CANCELLATIONS: We regret that we are unable to accept cancellation of orders where production has commenced.
ARBITRATION: If at any time any question, dispute or difference shall arise between us in relation to or in connection with the contract either of us may give to the other notice in writing if the existence of such question, dispute or difference and the same shall be referred to the arbitration of a person to be mutually agreed upon, or failing agreement to an arbiter to be appointed by the president for the time being of the Law Society. The admission shall be deemed to be a submission to arbitration within the meaning of the Arbitration Act 1950 and the Arbitration (Scotland) Act 1984 or any statutory modification thereof. Work under the contract shall so far as may be reasonably practicable continue during the Arbitration proceedings and no payments, which may or shall become due, shall be withheld on account of such proceedings.
MATERIALS: We reserve the right to amend without notice the specification of materials used in the manufacture of our products as the result of changes in the supply position. List prices & V.A.T shall be those ruling on the date of despatch.
RISK AND TITLE: (a) Risk in the goods shall pass upon delivery to the buyer (who should insure the goods at full replacement value).
(b) Notwithstanding the passing of risk, the title to and property in the goods shall remain with the company until the buyer has paid all sums due and owing to the company.
(c) Until title to the goods passes: –
(i) The Buyer shall hold the Goods as fiduciary agent and bailee for the company.

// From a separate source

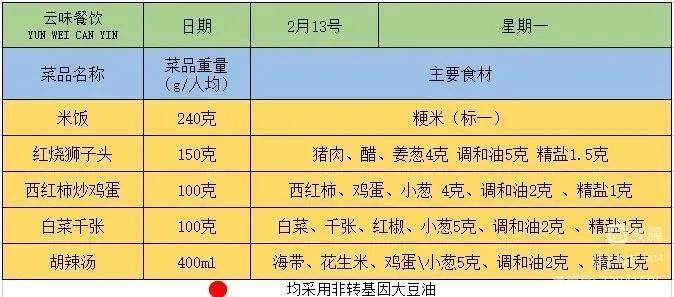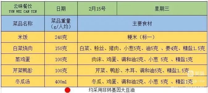 1:凤阳云味餐饮厨房所使用的油均为一级非转基因大豆油(金龙鱼/福临门)。

(ii) The goods shall be kept separate and stored so as to be clearly identifiable as belonging to the company.
(iii) The buyer is licensed by the company to sell the goods in the ordinary course of business provided that the proceeds of sale are held in trust for the company and always identifiable, and provided also that the buyers power of sale may be revoked at any time by the company and shall cease automatically if the buyer commits any act of bankruptcy or enters into receivership, administration or winding up.
(iv) The buyer shall on demand deliver up Goods to the Company, which is hereby irrevocably authorized to enter the buyer’s premises for that purpose.
(d) All monies clause.
The risk in the goods shall pass from the company to the buyer upon delivery of such goods to the buyer. However, notwithstanding delivery and the passing of risk in the goods, title and property in the goods, including full legal and beneficial ownership, shall not pass to the buyer until the seller has received in cash or cleared funds payment in full for all goods delivered to the buyer under this and all other contracts between the seller and the buyer for which payment of the full price of the goods thereunder has not been paid. Payment of the full price of the goods shall include the amount of any interest or other sum payable under the terms of this and all other contracts between the company and the buyer under which the goods were delivered.
(a) These terms and conditions of sale comprise the basis on which the Company offers the Goods for sale and in any resulting contract (“the contract”) shall prevail over and supersede any other terms and conditions of the buyer.
The Contract shall be governed by and construed in accordance with English law (and any disputes arising shall be subjected to the exclusive jurisdiction of the English Courts).